Excerpted records ::
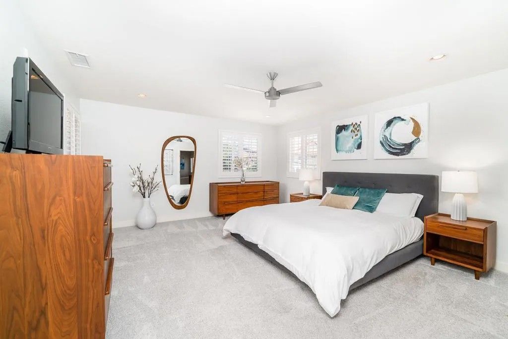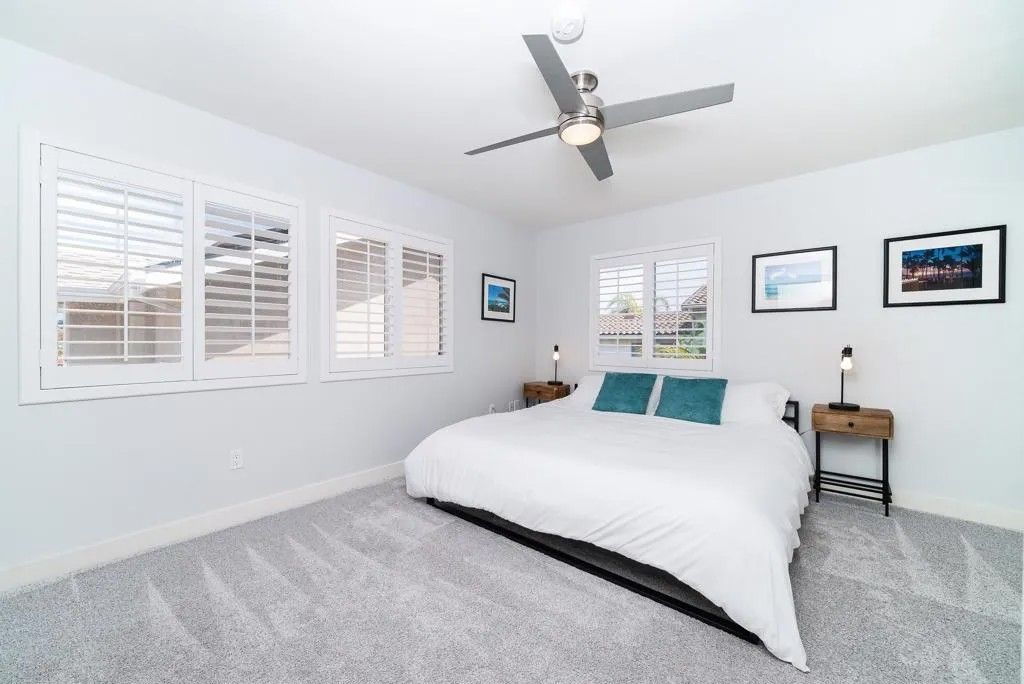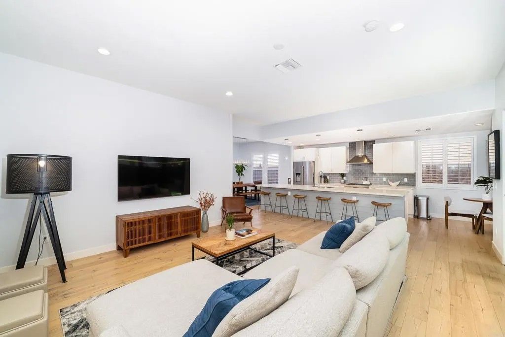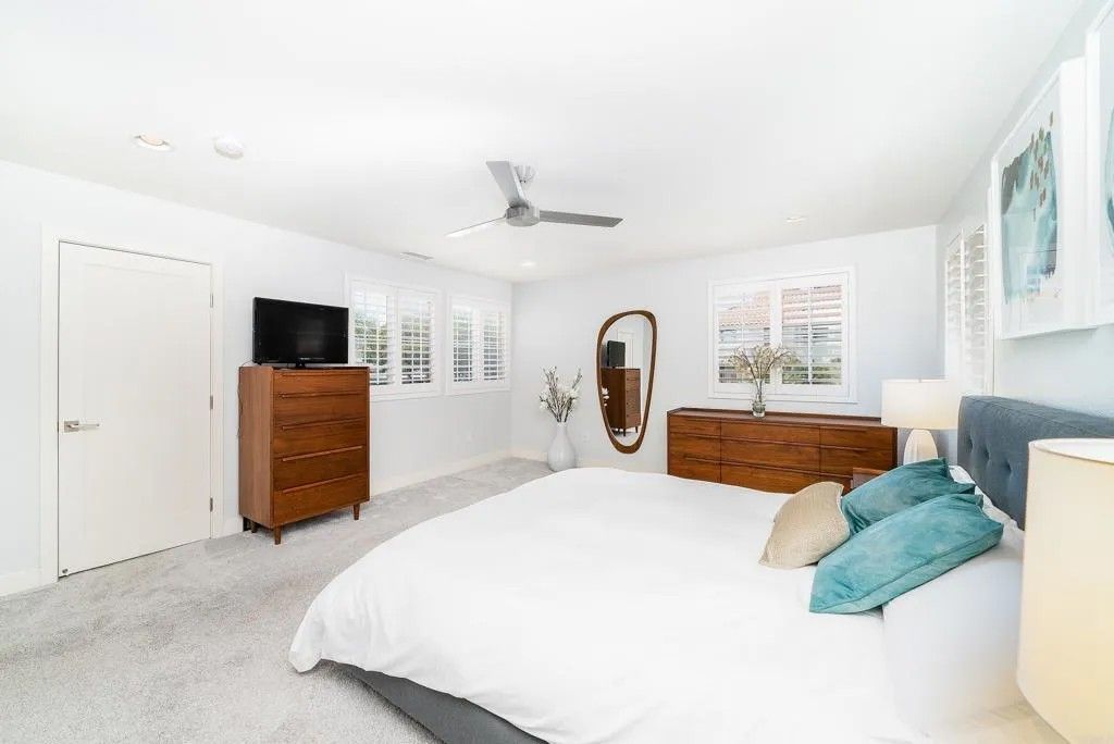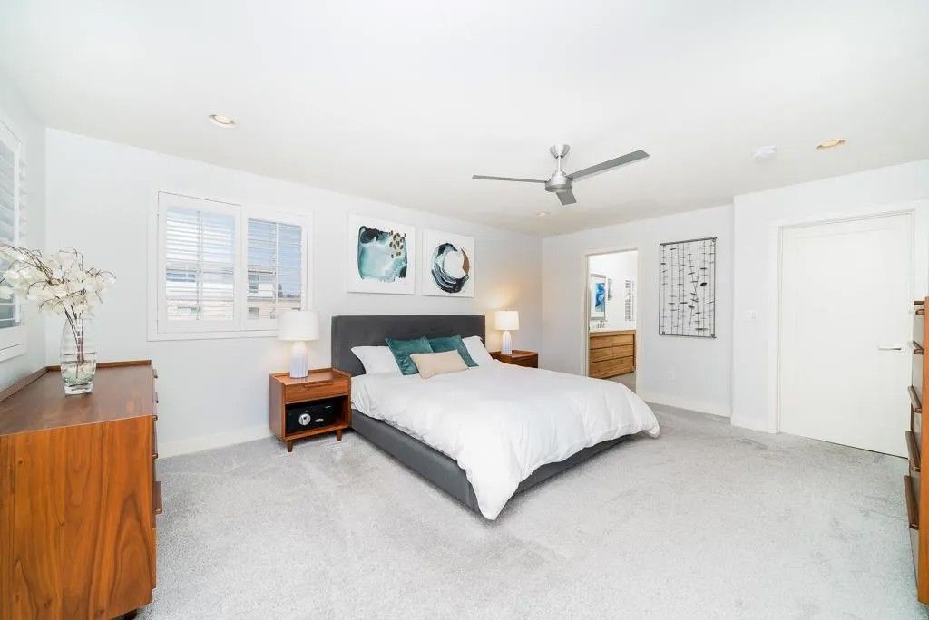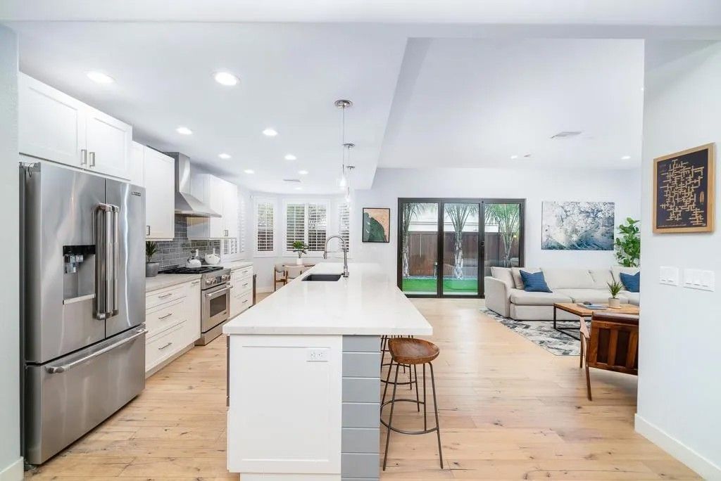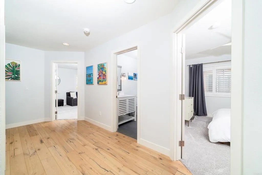 Experience the essence of refined coastal living just moments from the shoreline in Carlsbad - where ocean air, walkability, and elevated design converge. This fully remodeled 4-bedroom, 3.5-bath residence is a study in thoughtful craftsmanship and understated luxury. Inside, wide-plank white oak floors set the tone for a warm, modern aesthetic, complemented by custom details and curated finishes throughout. At the center of the home, a stunning chefs kitchen invites gathering and connection. A dramatic 14-foot quartz island anchors the space, paired with sleek custom cabinetry and premium appliances - perfectly balancing beauty and performance. The homes open-concept design flows effortlessly through expansive living and dining spaces, culminating in a panoramic door system that dissolves the boundary between indoors and out. Step into a private outdoor space, complete with stone pavers and turf - designed for effortless entertaining or quiet moments under the coastal sky. The primary suite offers a true sanctuary, featuring a spacious walk-in closet and a spa-inspired bath with a freestanding soaking tub, frameless glass shower, and elegant Restoration Hardware finishes. Perfectly positioned near the beach and just minutes from Carlsbad Village, this home offers a lifestyle defined by morning surf checks, sunset strolls, and effortless access to dining, shopping, and coastal trails. A rare opportunity to own a turnkey coastal retreat in one of North Countys most sought-after locations.
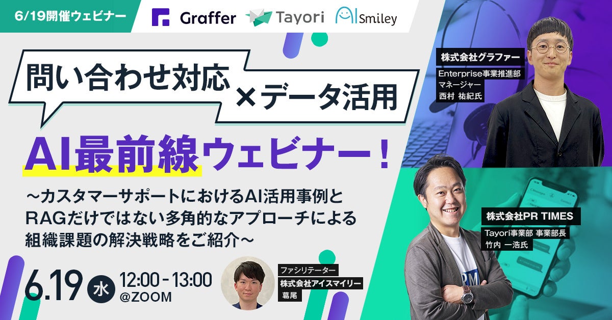 AIポータルメディアAIsmileyは、2024年6月19日(水)12時から特別企画として問い合わせ対応×データ活用をテーマとしたAI最前線ウェビナーを開催します。
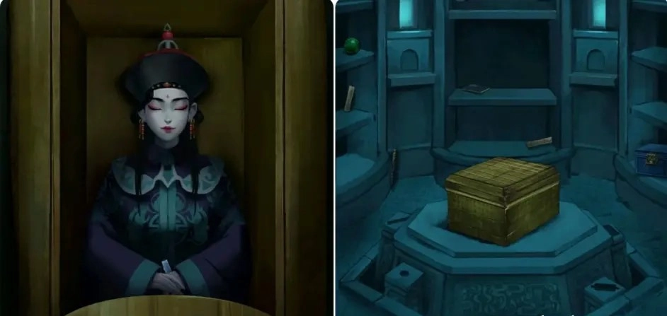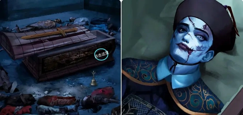 进入左侧墓室后,先打开左边第一个棺材,取出黑色钥匙,同时留意七个棺材上的提示信息。根据这些提示,按三、四、二、四、三、四的顺序操作箱子,即可得到另一把黑色钥匙。
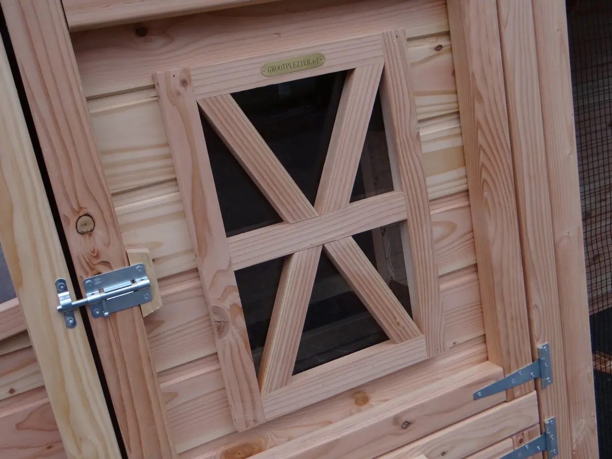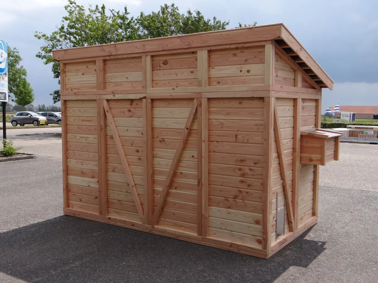 - En bois de Douglas, avec des cadres de 68x44mm, des planches avec un épaisseur de 18mm. Même sans traitement du bois, le bois est durable pour 15 ans, mais le bois se devient gris vite si vous n'utilisez pas des huile pour le Douglas.
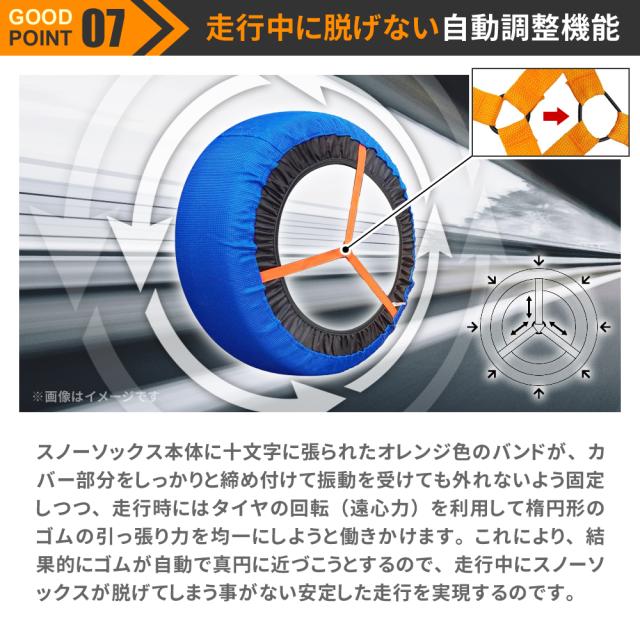 スノーソック本体に十文字に張られたオレンジ色のバンドが、カバー部分をしっかりと締め付けて振動を受けても外れないよう固定しつつ、走行時にはタイヤの回転を利用して楕円形のゴムの引っ張り力を均一にしようと働きかけます。これにより、結果的にゴムが自動で真円に近づこうとするので、走行中にスノーソックが脱げてしまう事がない安定した走行を実現します。

Problem to solve ::
Write out the line that contains "进入左侧墓室后,先打开左边第" and every line after it to the end of the data, exactly as they stand. Omit the pictures.

Your response ::
 进入左侧墓室后,先打开左边第一个棺材,取出黑色钥匙,同时留意七个棺材上的提示信息。根据这些提示,按三、四、二、四、三、四的顺序操作箱子,即可得到另一把黑色钥匙。
 - En bois de Douglas, avec des cadres de 68x44mm, des planches avec un épaisseur de 18mm. Même sans traitement du bois, le bois est durable pour 15 ans, mais le bois se devient gris vite si vous n'utilisez pas des huile pour le Douglas.
 スノーソック本体に十文字に張られたオレンジ色のバンドが、カバー部分をしっかりと締め付けて振動を受けても外れないよう固定しつつ、走行時にはタイヤの回転を利用して楕円形のゴムの引っ張り力を均一にしようと働きかけます。これにより、結果的にゴムが自動で真円に近づこうとするので、走行中にスノーソックが脱げてしまう事がない安定した走行を実現します。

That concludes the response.